12. Miscellaneous. The
following miscellaneous sections shall apply to this
Agreement:
12.1 Modifications
and Waivers. No provision of this Agreement may
be modified, waived or discharged unless that modification, waiver
or discharge is agreed to in writing by the Executive and the
Company. No waiver by either party at any time of any
breach by the other party of, or compliance with, any condition or
provision of this Agreement to be performed by that other party
shall be deemed a waiver of similar or dissimilar provisions or
conditions at the time, or at any prior or subsequent
time.
12.2 Construction
of Agreement. This Agreement supersedes any oral
or written agreements between the Executive and the Company and any
oral representations by the Company to the Executive with respect
to the subject matter of this Agreement.
12.3 Governing
Law. The validity, interpretation, construction
and performance of this Agreement will be governed by the laws of
the State of Florida, notwithstanding any conflict of law provision
to the contrary.
12.4 Severability. If
any one or more of the provisions of this Agreement, including but
not limited to Section 7 hereof, or any word, phrase, clause,
sentence or other portion of a provision is deemed illegal or
unenforceable for any reason, that provision or portion will be
modified or deleted in such a manner as to make this Agreement as
modified legal and enforceable to the fullest extent permitted
under applicable law. The validity and enforceability of
the remaining provisions or portions of this Agreement will remain
in full force and effect.
12.5 Counterparts.
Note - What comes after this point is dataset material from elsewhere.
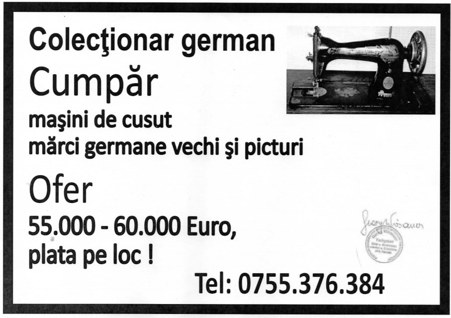 intenţia de cumpărare a maşinilor de cusut germane, oferind sume mari de bani (între 55.000 şi 60.000 de euro), cu plata pe loc, sume ce atrag oameni care au nevoie de bani şi sunt uşor de păcălit.

This
Agreement may be executed in two or more counterparts, each of
which will take effect as an original and all of which will
evidence one and the same agreement.
12.6 Successors
and Assigns. This Agreement shall be binding
upon, and shall inure to the benefit of the parties hereto and
their respective heirs, beneficiaries, personal representatives,
successors and assigns. Neither party may assign the
party’s rights or obligations under this Agreement, provided
that the Company may assign this Agreement to a parent corporation
that is created in connection with a merger of the Company with an
indirect wholly owned subsidiary as part of a holding company
reorganization.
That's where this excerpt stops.